We use the ‘USArrests’ dataset, which is part of the base R package (for more information, type ?USArrests in your R console). This is a real dataset; we do not create it on the fly. We use the attach() function to quickly access it throughout this script.
attach(USArrests)
Let’s examine the dataset. The dataset has 50 rows, one for each US state, and 4 columns: (Murder, Assault, UrbanPop, and Rape).
(states = row.names(USArrests))
## [1] "Alabama" "Alaska" "Arizona" "Arkansas"
## [5] "California" "Colorado" "Connecticut" "Delaware"
## [9] "Florida" "Georgia" "Hawaii" "Idaho"
## [13] "Illinois" "Indiana" "Iowa" "Kansas"
## [17] "Kentucky" "Louisiana" "Maine" "Maryland"
## [21] "Massachusetts" "Michigan" "Minnesota" "Mississippi"
## [25] "Missouri" "Montana" "Nebraska" "Nevada"
## [29] "New Hampshire" "New Jersey" "New Mexico" "New York"
## [33] "North Carolina" "North Dakota" "Ohio" "Oklahoma"
## [37] "Oregon" "Pennsylvania" "Rhode Island" "South Carolina"
## [41] "South Dakota" "Tennessee" "Texas" "Utah"
## [45] "Vermont" "Virginia" "Washington" "West Virginia"
## [49] "Wisconsin" "Wyoming"
(names(USArrests))
## [1] "Murder" "Assault" "UrbanPop" "Rape"
Using the apply() function, we can quickly examine the means and variances of each variable. We apply the mean() and var() functions directly over the full 4 columns in the dataset:
(apply(USArrests,2,mean))
## Murder Assault UrbanPop Rape
## 7.788 170.760 65.540 21.232
(apply(USArrests,2,var))
## Murder Assault UrbanPop Rape
## 18.97047 6945.16571 209.51878 87.72916
We can immediately see that the different variables have very different distributions, both in terms of their means and variances.
We will have to scale the variables before proceeding with Principal Components Analysis. Remember that PCA creates linear combinations of the different variables that attempt to maximize total variance; in order for the the principal components to be relevant, we must scale the variables first, otherwise each PC will simply prominently feature the variable with the largest mean & variance - here, Assault.
This is done through the scale=TRUE argument when running PCA; see section 5 below.
We use the prcomp() function to perform PCA - this is one of multiple ways it can be achieved.
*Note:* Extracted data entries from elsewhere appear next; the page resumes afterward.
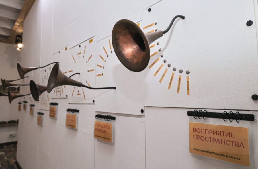 – С просветительской точки зрения, самый значимый стенд посвящён языковому многообразию, – отмечает Евгений. – В нём 16 разделов, и каждый можно прослушать. Это языки-гиганты, языки свиста, возрождённые, сакральные, исчезающие, древние, славянские и другие. Кроме этого, среди артефактов есть уникальные книги на пальмовых листьях, нефритовых табличках, Фестский диск, тибетские молитвенные барабаны. Одна из разработок музея – интерактивная карта всех мировых языков. Нажав на точку на карте, можно получить информацию о числе носителей языка и его статусе.
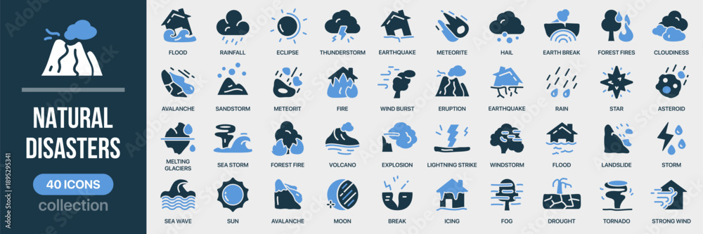Obraz na płótnie Canvas - Natural disasters fill icon collection. Includes extreme weather and emergency events. Created in colored style with blue palette.
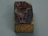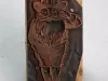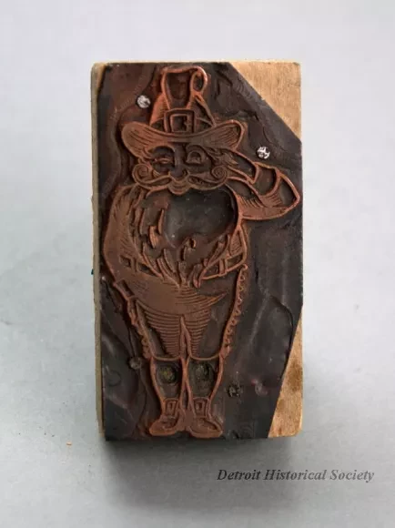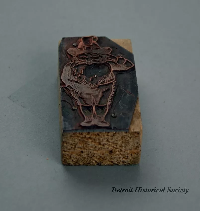 One engraving plate used for printing Vernor's advertisements, brochures, and/or product packaging. The irregularly-cut plate is made from thin sheets of copper and zinc that have been bonded together. Four small nails have been used to attach the plate to a wood block. The copper side has a flat relief engraving that depicts an image of the Vernor's gnome, who is standing and giving a military salute with his left arm.
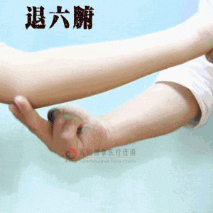 穴位:六腑位置:前臂尺侧,自肘关节至腕横纹呈一直线。操作:用拇指面或食、中二指面自肘推向腕,见图。 约推100~500次。主治:高热,烦躁,咽喉肿痛,大便干燥,鹅口疮,腮腺炎等。
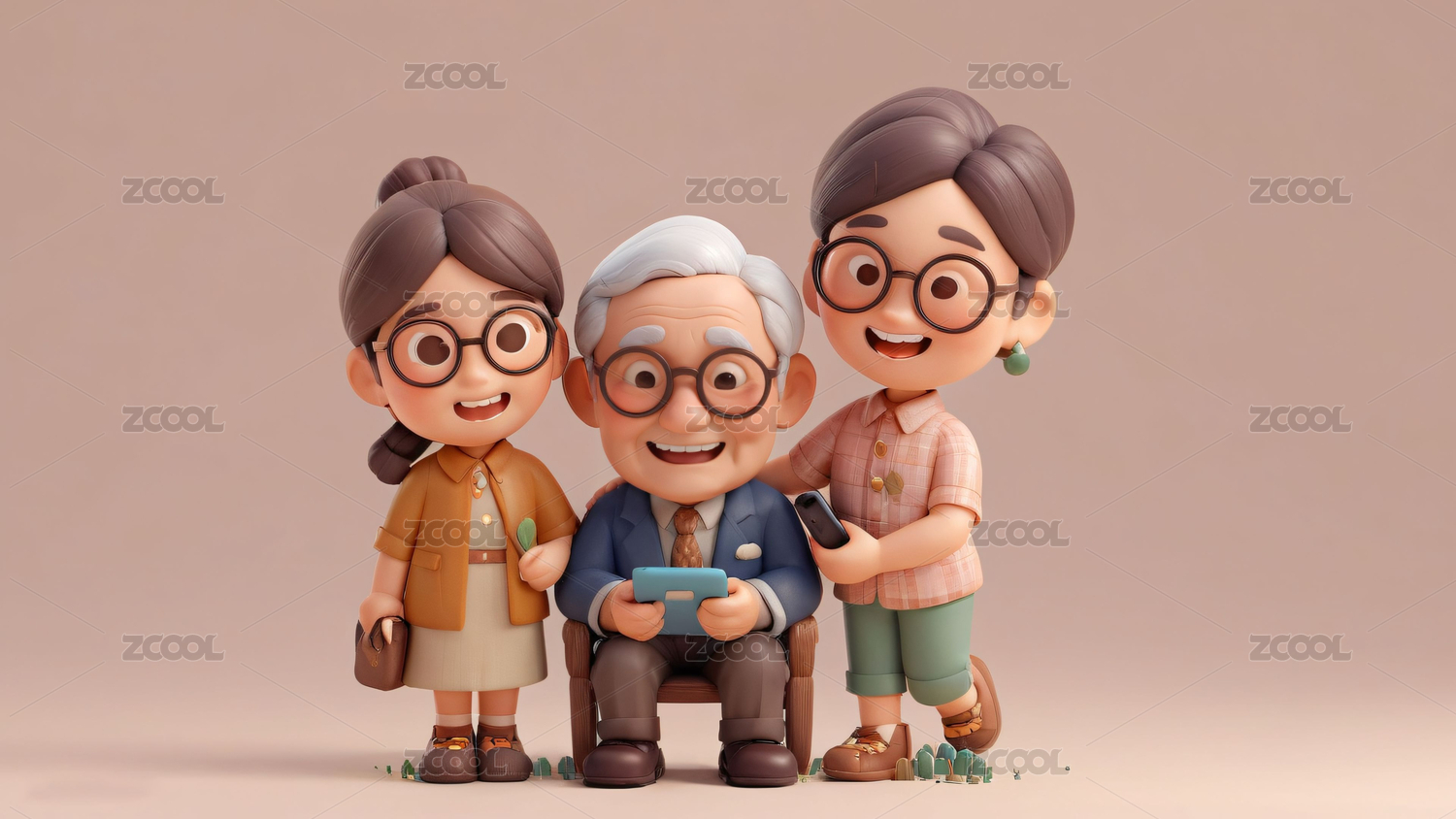 重陽(yáng)節(jié)老人黏土卡通插畫(huà)

NB - scaling: by default, the prcomp() function will set the variable means to 0. Using scale=TRUE also scales the variables to have standard deviation = 1.
pr.out <- prcomp(USArrests,scale=TRUE)
We can still access the means and standard deviations of the variables used for scaling before calling the prcomp() function; this is contained within the pr.out results:
(names(pr.out))
## [1] "sdev" "rotation" "center" "scale" "x"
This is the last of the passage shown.